2016年11月16日水曜日

父、がんになる その2

去る10月29日に広島市で開催された広島医薬翻訳勉強会に参加して、がん治療に関する有益なお話を聞いたのに、なかなかそれを活かせずに忸怩たる思いでいる。

10月14日(月)に父を佐賀市内にある県立病院(正式名称:佐賀県医療センター好生館)に連れて行って、呼吸器内科で受けた検査の結果を聞き、外科へバトンタッチとなった。翌10月15日(火)、父は一人で再び病院を訪れた。なぜ一人で行ったかというと、呼吸器内科の医師が「明日の外科の外来は一人でいいですよ。検査結果とか手術の説明はご家族と一緒に来てくださいね」と言ったからだ。

ところが、病院に行ってみると外科の医師に「お一人なんですか?ご家族は?手術の説明するのでご家族一緒じゃないと」と言われたらしい。父が「今日は診察と検査だから一人でいいと言われました」と言うと「でも、こっちでやる検査はないです。もう全部検査終わってますし」と言われたらしい。とにかく来週もう一度家族を連れて来いって話になったらしいんだけど。

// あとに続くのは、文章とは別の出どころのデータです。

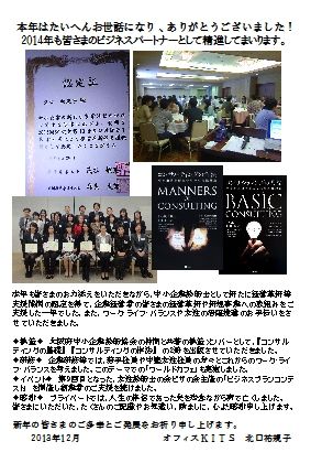 本年はたいへんお世話になり、ありがとうございました! 2013年は、皆さまのお力添えをいただきながら、中小企業診断士として新たに経営革新等支援機関の認定を得て、企業経営者の皆さまの経営革新や新規事業への取組みをご支援した一年でした。また、ワーク・ライフ・バランスや女性の活躍推進のお手伝いをさせていただきました。

さてさて、なんで情報の共有できてないの?電子カルテだから別の診療科の医師もカルテにアクセスできるよね?アクセスしたら何の検査をして結果がどうだったか全部出るよね?なのに、何の申し送りもしてなかったの?と電話で話を聞いた私は怒り心頭だったし、母も「はあ?」って感じで「おかしいよね?」と苛立った様子だった。

ところで、一人で診察に赴いた父は「手術しなかったらどのくらい生きられますか?」と聞いたらしい。外科医は「そうですね、5年は厳しいでしょうね」と答えたらしい。「じゃあ、手術したらどのくらい生きられますか?」と聞いたら「10年生きられますよ」と答えたらしい。はあ?!

これ、父>母>私への伝言ゲームなのでどの程度正確かがわからないし、医師の言葉が厳密にどういう表現だったかもわからないのだけれど、言うか?それを一人で来た80歳の高齢がん患者に言うか?と再び私は怒り心頭。まあ、「聞かれたから質問に答えたまで」ってことなんだろうが。

がんであることを患者本人に伝えることに異論はないし、知った上でベストの治療を受けられるよう話し合うことは必要だと思う。ただし、信頼関係があることが前提。ところが、「余命」を聞く父も父だが、初対面なのにあっさり答えちゃうわけ?と思った。

母の時も思ったのだけど、「がんの疑いあり(しかも濃厚な疑い)」で検査を受けた時に、検査時にまずインフォームドコンセントの書類は渡さないのか?私が九州がんセンターで手術をした時は、入院前にインフォームドコンセントの書類を渡されて、どの程度の告知を望むのか?治療に関する最終的な判断は誰が行うのか?自分で判断できない状況になった場合にどうするのか?を事細かに聞かれたし、書面でも書かされたのだけれど。母の時も父の時も、そういう書類が一度も出てこない。これ、要確認事項としてリマインダーに入れておかなければ。

ちなみに父は「手術したらまた電気工事の仕事行けますかね?」と聞いて「さすがにそれはちょっと無理だと思いますよ」と言われたらしい。

この無駄足外来と医者の対応に関して、昨夜病院のホームページから「ご意見」を送った。本日午後3時現在、何の返信もない。

医者だからと無条件に尊敬する時代はとっくに終わっている。ところが親世代はちょっと違っている。今回のような重篤な疾患に限らず、病院に付き添って医者に向かってストレートに質問したり、疑問をぶつけたりすると親が困った顔をする。以前も、祖母が80歳くらいの頃、毎週早起きして歯の治療に送り迎えをしていた。すでに結婚して別に住んでいたのに、仕事に行く前に送り迎えをしていた。何回目かの治療の時に「いつまで通うんですか?あと何回ですか?」と聞いたら、その後「もう送り迎えしてくれなくていい。失礼な口を利くからタクシーで行く」と言われた。私はただ治療の先行きを知りたかっただけだ。

もちろん、来週病院に行ったら手術までのスケジュールを出してもらうつもりだ。こっちも毎回仕事を休んで佐賀まで行かなければならないのだから、いつどの程度の時間を必要とするのかの見積もりくらいは出してもらわないと困る。


こういう仕事してると、スケジュールにうるさくなるよね。